DICKSON Jere has advised President Edgar Lungu’s aides to explain the context in which he issued the idiom ‘Uubomba mwibala alya mwibala’ instead of justifying it.

Jere, who served as president Rupiah Banda’s special assistant for press and public relations, in his Facebook posting yesterday stated that when the context was misconstrued, defending might not be a good option.

President Lungu on Saturday night during a fundraising dinner for the construction of a PF convention centre in Kitwe told PF members and officials that they were free to ‘steal’ government resources but that they should do so minimally.

President Lungu, who was on the Copperbelt on a three-day ‘working-visit’, told party functionaries, sympathisers and some government officials present that “Uubomba mwibala, alya mwibala, tabatila kulya nembuto kumo (literally meaning, you are free to ‘derive’ benefits from government resources but do not finish everything).”

PF media director Sunday Chanda on Sunday issued a statement justifying President Lungu’s statement saying he was spot on to say ‘uubomba mwibala alya mwibala’ because those serving in government were allowed to get what they deserve (salaries, wages, etc) but that they must not eat the seed which was not what they deserved.

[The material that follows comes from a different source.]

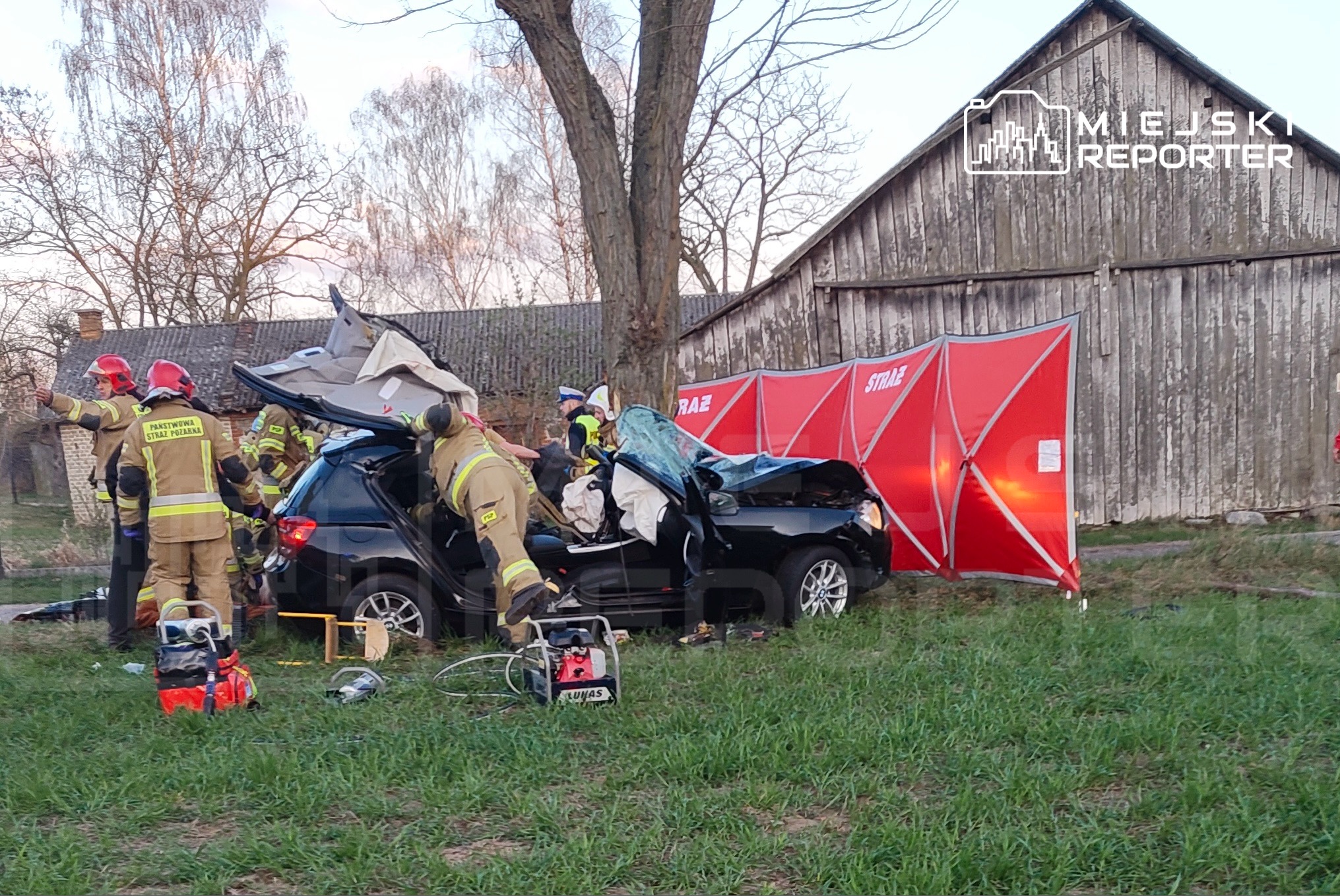 Strażacy przy użyciu narzędzi hydraulicznych wykonali dostęp do poszkodowanego i wydobyli go z wraku. 24-latek był nieprzytomny i nie wykazywał funkcji życiowych, dlatego na miejscu natychmiast rozpoczęto resuscytację krążeniowo-oddechową.

However, Jere stated that apologies deflated enemies at times.


“And so presidential statements can be misconstrued at times, especially if one does not know the context in which they were issued. It is, therefore, prudent to quickly come out and explain the context without justifying it. When the context is misconstrued, defending it may not be a good option although it depends on the circumstances. Thinking of ‘uubomba mwibala alya mwibala’ idiom. Anyway, I was just remembering my lecture notes on crisis communication management!” Jere stated.

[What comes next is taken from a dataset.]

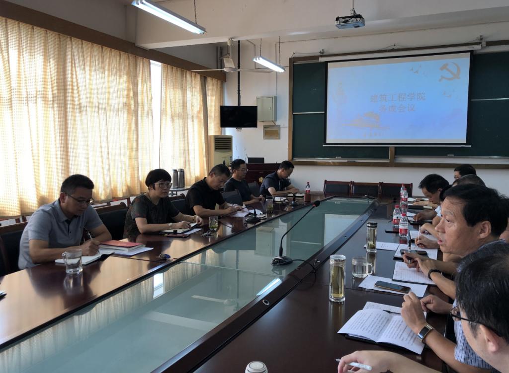 在建工楼319会议室召开班子务虚会,谋划布局分院的发展思路。学院领导班子成员、各系、中心主任及三办主任共同参会。会议由党委书记费锦红主持。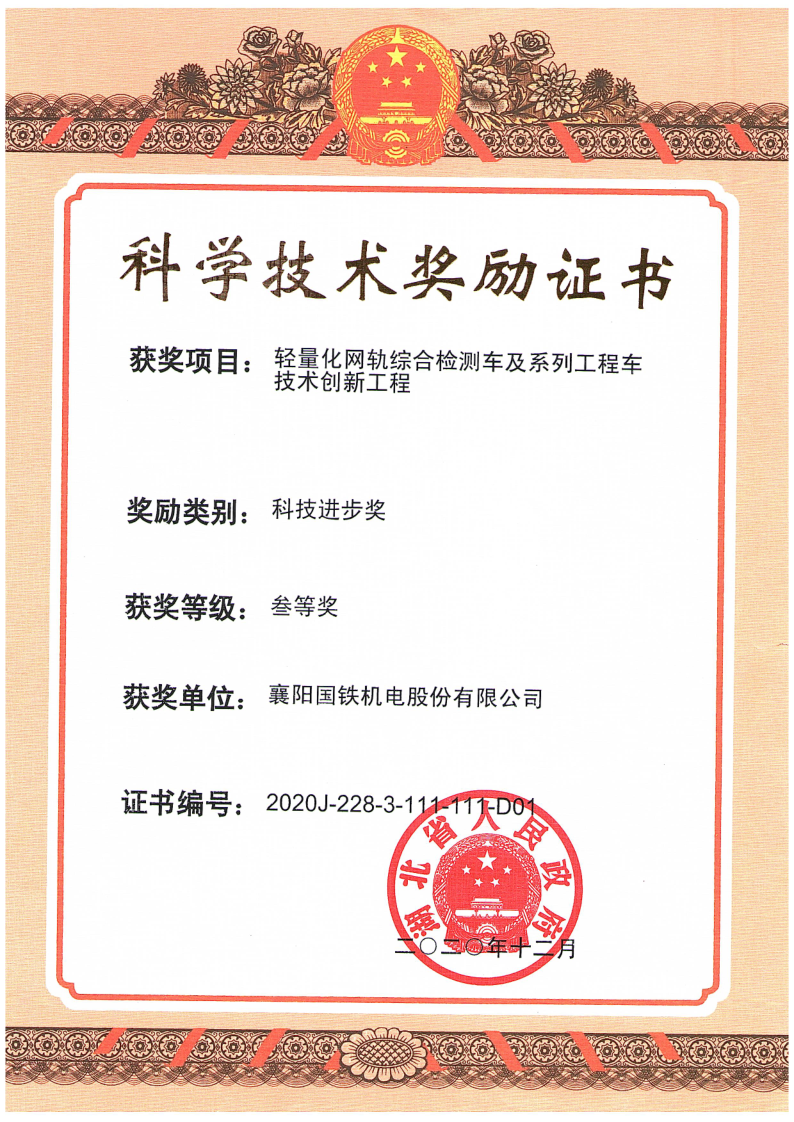 湖北省科技進(jìn)步三等獎 輕量化網(wǎng)軌綜合檢測車及系列工程車技術(shù)創(chuàng)新工程

He gave examples of times when Banda used idioms that were interpreted to mean something else and angered other people.


“Once upon a time, [former priest] Fr [Frank] Bwalya was a pain in the flesh of president Rupiah Banda. He could really rile the president with his baseless personal attacks. So, in trying to hit back, the president attacked Fr Bwalya by saying ‘he is a father without children’ and went on to say Fr Bwalya was in fact kicked out of the Catholic Church. But what the media picked and twisted was that the President insulted Catholic priests who are called Fathers but have no children. The Church was riled with the president’s statement so much that State House had to apologise,” stated Jere.

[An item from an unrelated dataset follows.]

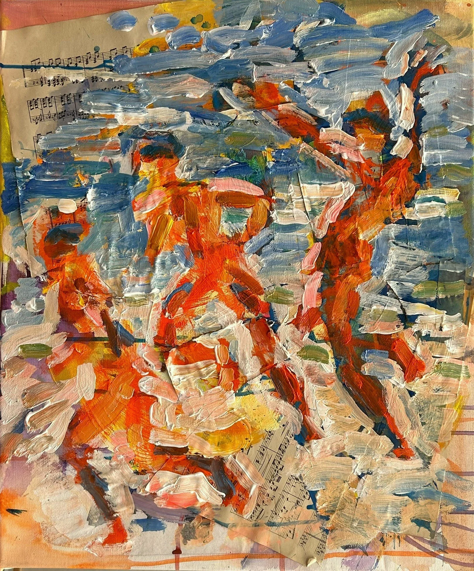 "Badende børn" (frit efter J.F. Villumsen) 2025 acryl og collage på lærred 55 x 46 cm

“The media forgot (assuming they did) the last part of the statement in which the president explained his attack on Fr Bwalya. As press aide, I was bombarded with phone calls, especially from the Catholic faithful, who thought the president had offended them. Fast forward, another presidential speech mishap happened (it comes with a territory). President Banda attacked UPND leader Hakainde Hichilema for not taking his wife in public prior to the 2011 polls. The president said; ‘nanga ndiwe mwenye mambala…’ which loosely translates to, ‘why hiding your wife from the public, are you Indian?’ Within minutes, the president realised his statement meant for HH could in fact be offending to the Indian community in Zambia. He immediately ordered me to release a statement apologising to both HH and the Indian community. And I did and the matter quietly died.”